## EXERCISE
Please write out every line of the material, leaving out any picture.

## EXERCISE INPUT
-=-=-
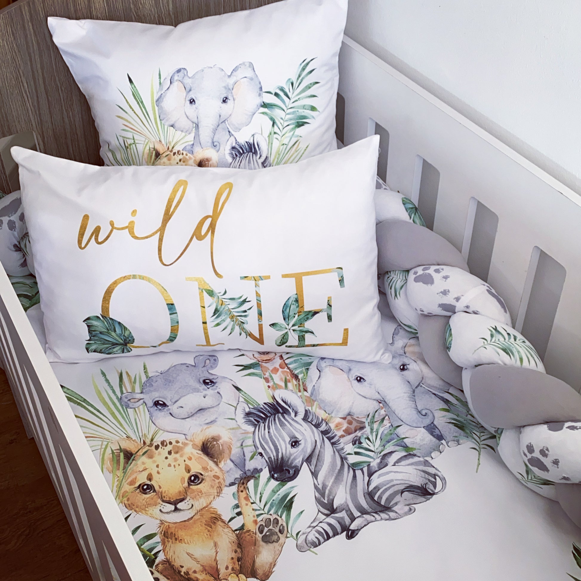 The Standard Set: Standard Duvet Cover & Inner (80 x 110cm) | 2,5m Braided Bumper | Cot Pillow Cover & Inner | Scatter Cover & Inner | Name Pillow Cover & Inner | White Fitted Sheet
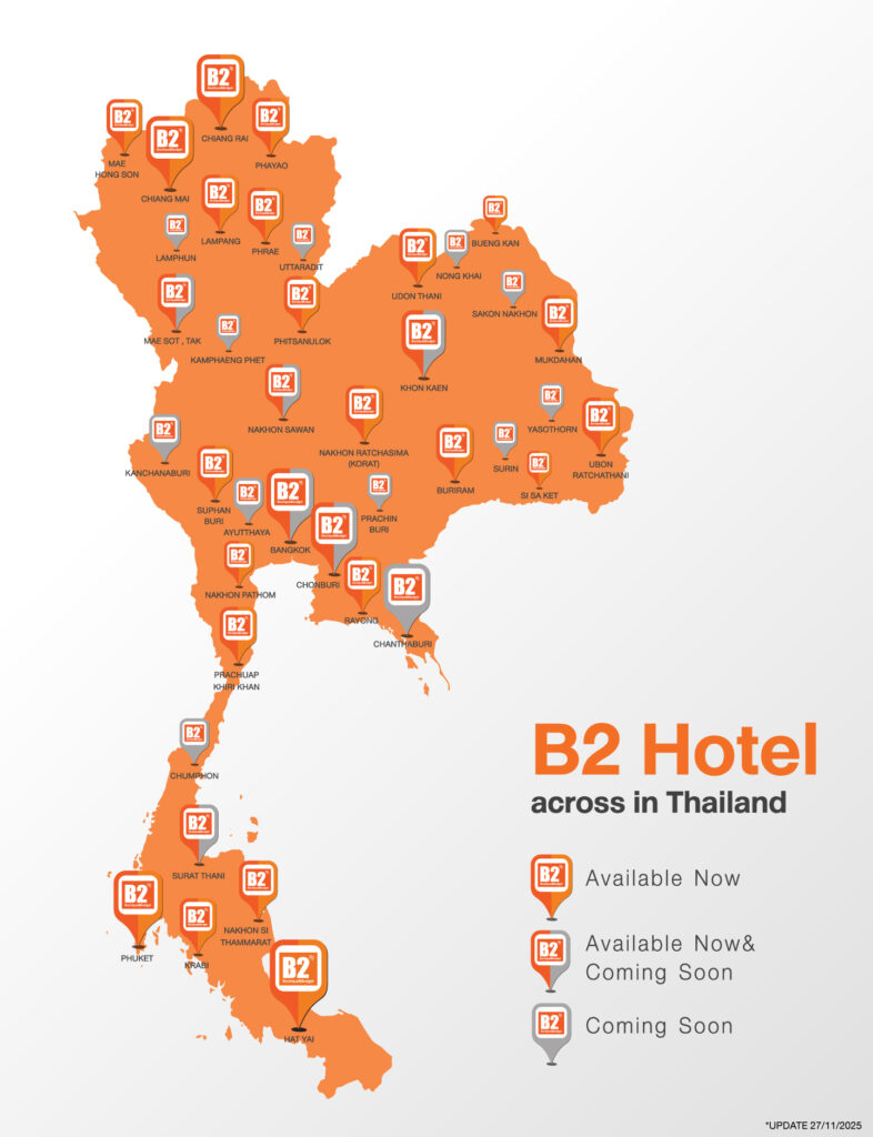 แผนที่เครือโรงแรมบีทูทั่วประเทศ
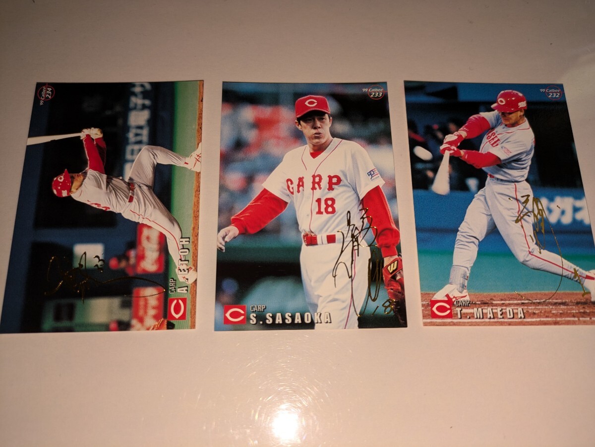 広島東洋カープ 99 カルビープロ野球チップス 4弾 金箔サインパラレル 3種3枚セット 前田智徳江藤智佐々岡真司
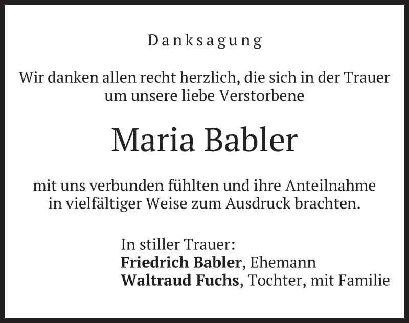 Hier finden Sie alle Traueranzeigen aus der Zeitung, die bisher für Maria Babler erschienen sind. Weitere Traueranzeigen, die in der Zeitung erscheinen, werden hier ebenfalls aufgelistet
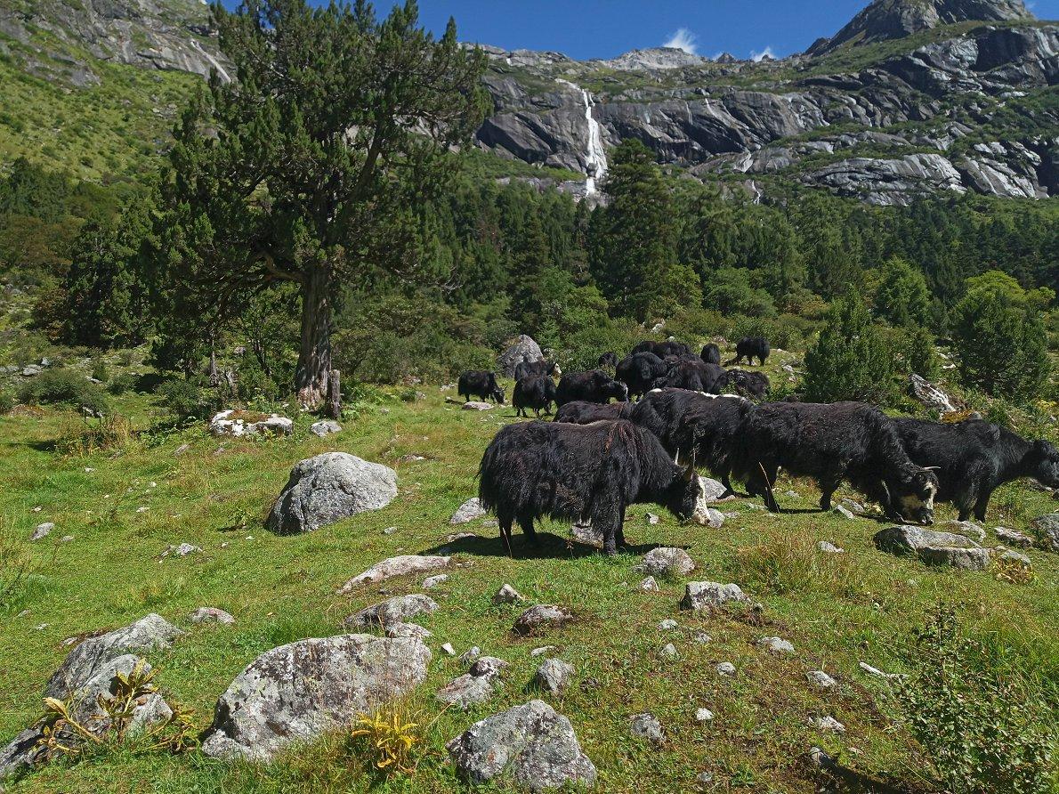 第1天 进入景区有幸见到了牦牛群,它们悠然自得的吃着草,厚重的皮毛可抵御寒冷,青山绿水有草作伴,动物的生活也许就是这么简单朴素。
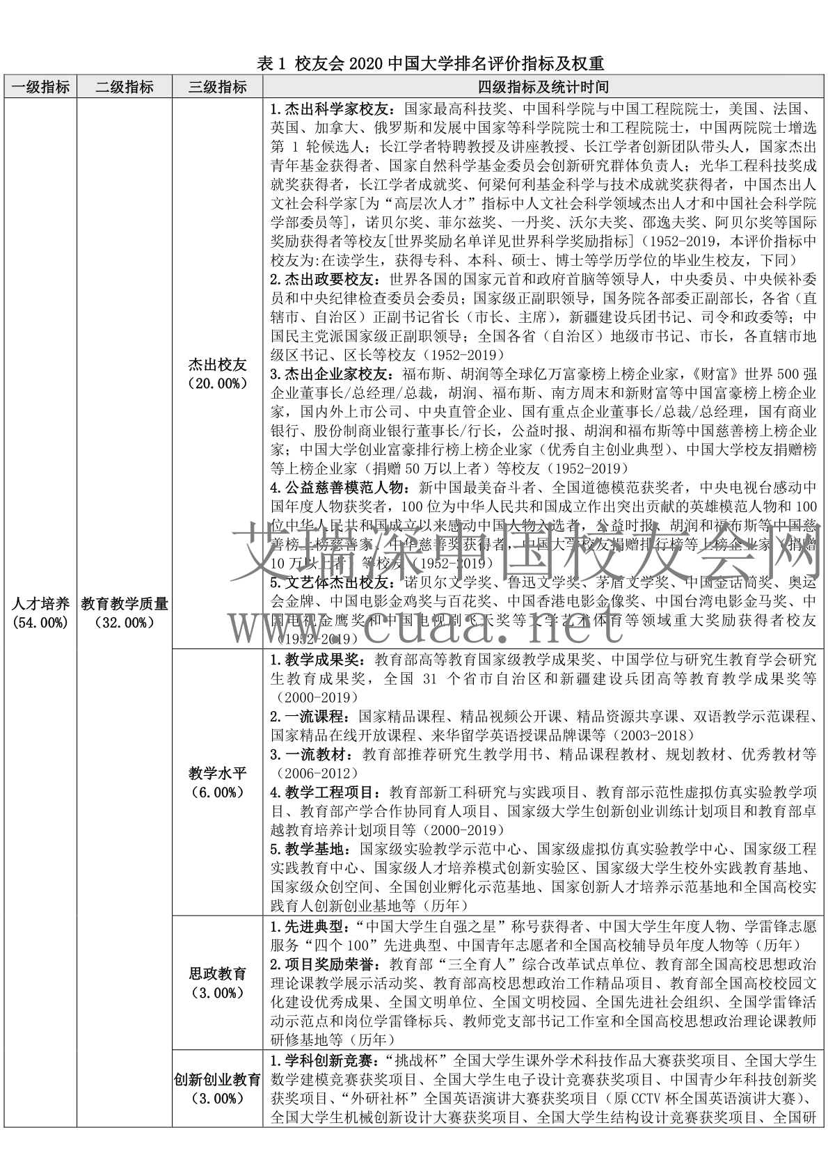 艾瑞深中国校友会网2020中国大学排名评价指标体系下载:
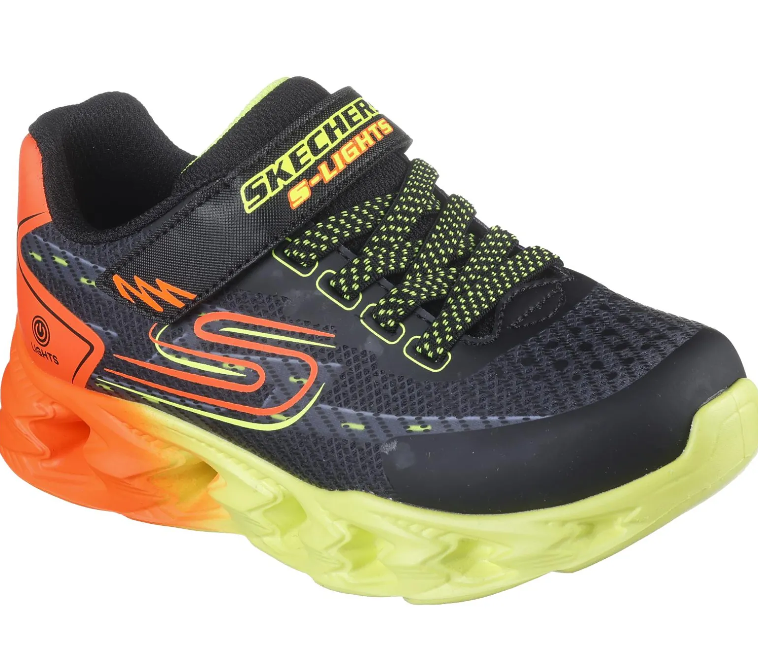 Illuminate your steps and play all day in Skechers S-Lights®: Vortex 2.0 – Quantroid. This lighted design features a mesh and synthetic upper with stretch laces, instep strap, Skechers Adaptive Closure for a customized fit and a cushioned comfort insole.
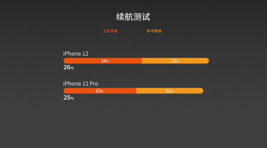 我们也记录了一下耗电情况,iPhone 12游戏过程中共计掉电26%,iPhone 12 Pro共计掉电25%。
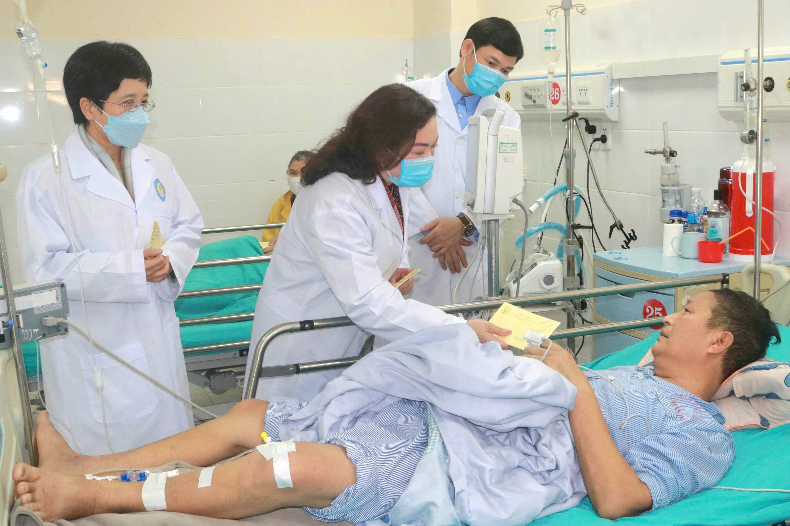 Đồng chí Nguyễn Thị Phú Hà, Phó chủ nhiệm Ủy ban Kinh tế và Tài chính của Quốc hội, ĐBQH khóa XV tỉnh Phú Thọ cùng lãnh đạo Bệnh viện và khoa Hồi sức tích cực 1 thăm hỏi bệnh nhân
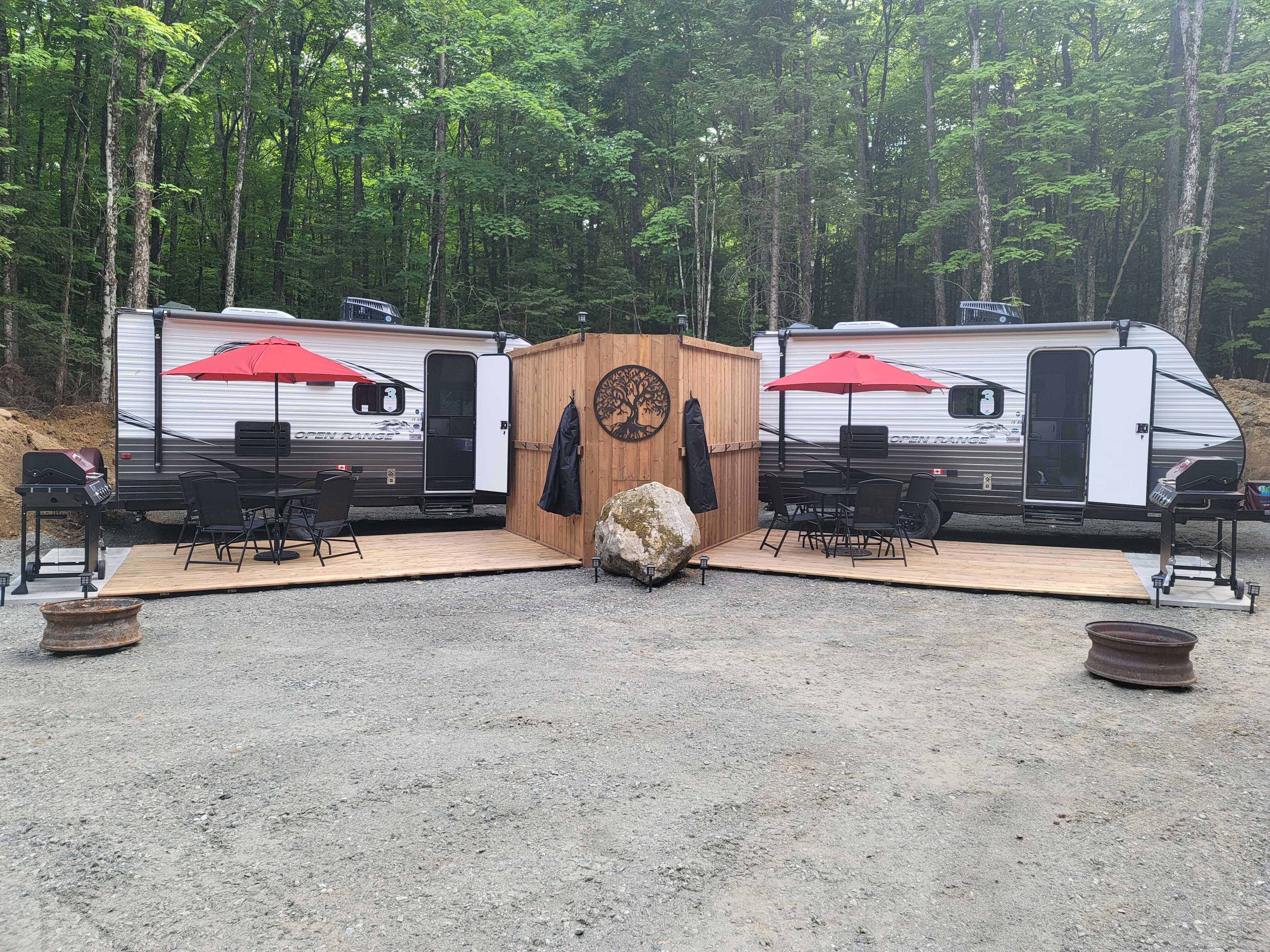 There are lots of walking trails, ATV trails, two spring-fed lakes with easy boat launches for swimming, fishing, or kayaking within a 2 or 3 mins drive. There is plenty of opportunity for hiking through the property trails and multiple star gazing areas. There are numerous grocery stores and shops within 20 minutes of the site! Silent Lake Provincial Park is within 30 minutes drive and Kawartha Highlands Provincial Park is within an hour. Choose from two on-site travel trailers. Each sleeps 4. There is a kitchen with all the necessary supplies and a BBQ for grilling. Each trailer has its own bathroom and shower. Fires are permitted (within local regulations) and pets on leash are welcome. This is the perfect spot to get back to nature but still have all the comforts of home!
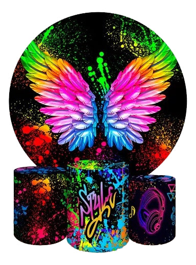 Painel Redondo Trio Cilindros Capas Neon Colorido Ref 003 - Branco é a escolha ideal para transformar qualquer celebração em um cenário inesquecível. Produzido com tecnologia de impressão sublimática digital de última geração, oferece cores vivas, alta definição e acabamento impecável.
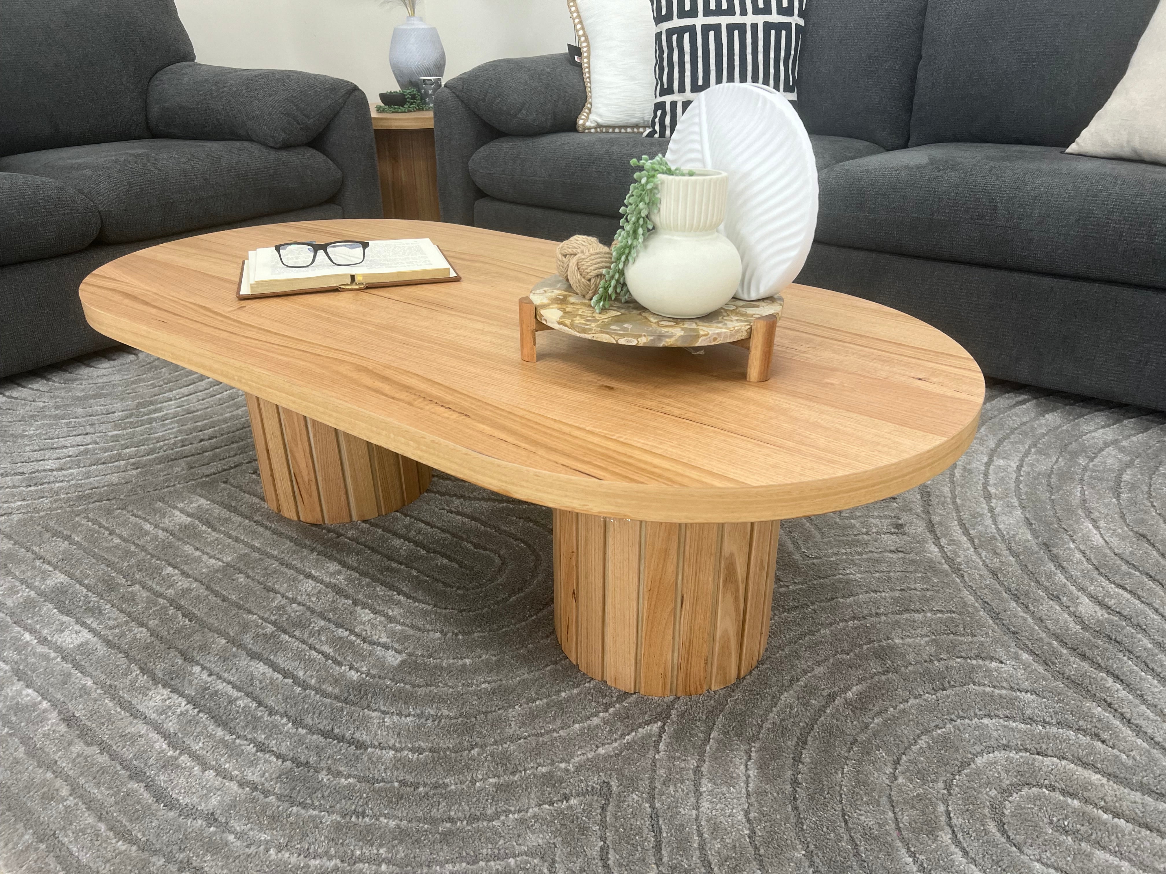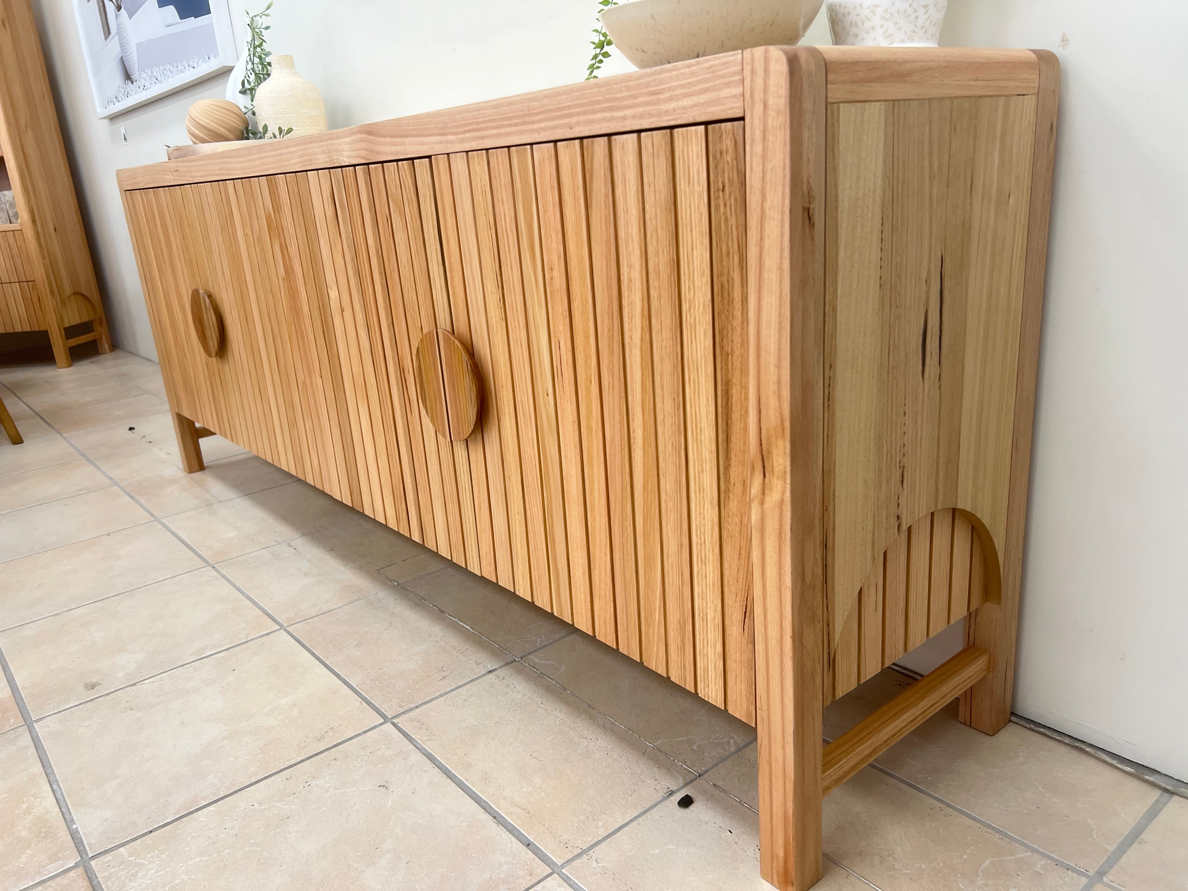 This stunning natural Australian messmate timber piece from our Morocco collection showcases breathtaking fluted styling and impeccable attention to detail. Enjoy the unique beauty and warmth of this handcrafted furniture for a truly one-of-a-kind addition to your home.
-=-=-
## RESPONSE
 The Standard Set: Standard Duvet Cover & Inner (80 x 110cm) | 2,5m Braided Bumper | Cot Pillow Cover & Inner | Scatter Cover & Inner | Name Pillow Cover & Inner | White Fitted Sheet
 แผนที่เครือโรงแรมบีทูทั่วประเทศ
 広島東洋カープ 99 カルビープロ野球チップス 4弾 金箔サインパラレル 3種3枚セット 前田智徳江藤智佐々岡真司
 Hier finden Sie alle Traueranzeigen aus der Zeitung, die bisher für Maria Babler erschienen sind. Weitere Traueranzeigen, die in der Zeitung erscheinen, werden hier ebenfalls aufgelistet
 第1天 进入景区有幸见到了牦牛群,它们悠然自得的吃着草,厚重的皮毛可抵御寒冷,青山绿水有草作伴,动物的生活也许就是这么简单朴素。
 艾瑞深中国校友会网2020中国大学排名评价指标体系下载:
 Illuminate your steps and play all day in Skechers S-Lights®: Vortex 2.0 – Quantroid. This lighted design features a mesh and synthetic upper with stretch laces, instep strap, Skechers Adaptive Closure for a customized fit and a cushioned comfort insole.
 我们也记录了一下耗电情况,iPhone 12游戏过程中共计掉电26%,iPhone 12 Pro共计掉电25%。
 Đồng chí Nguyễn Thị Phú Hà, Phó chủ nhiệm Ủy ban Kinh tế và Tài chính của Quốc hội, ĐBQH khóa XV tỉnh Phú Thọ cùng lãnh đạo Bệnh viện và khoa Hồi sức tích cực 1 thăm hỏi bệnh nhân
 There are lots of walking trails, ATV trails, two spring-fed lakes with easy boat launches for swimming, fishing, or kayaking within a 2 or 3 mins drive. There is plenty of opportunity for hiking through the property trails and multiple star gazing areas. There are numerous grocery stores and shops within 20 minutes of the site! Silent Lake Provincial Park is within 30 minutes drive and Kawartha Highlands Provincial Park is within an hour. Choose from two on-site travel trailers. Each sleeps 4. There is a kitchen with all the necessary supplies and a BBQ for grilling. Each trailer has its own bathroom and shower. Fires are permitted (within local regulations) and pets on leash are welcome. This is the perfect spot to get back to nature but still have all the comforts of home!
 Painel Redondo Trio Cilindros Capas Neon Colorido Ref 003 - Branco é a escolha ideal para transformar qualquer celebração em um cenário inesquecível. Produzido com tecnologia de impressão sublimática digital de última geração, oferece cores vivas, alta definição e acabamento impecável.
 This stunning natural Australian messmate timber piece from our Morocco collection showcases breathtaking fluted styling and impeccable attention to detail. Enjoy the unique beauty and warmth of this handcrafted furniture for a truly one-of-a-kind addition to your home.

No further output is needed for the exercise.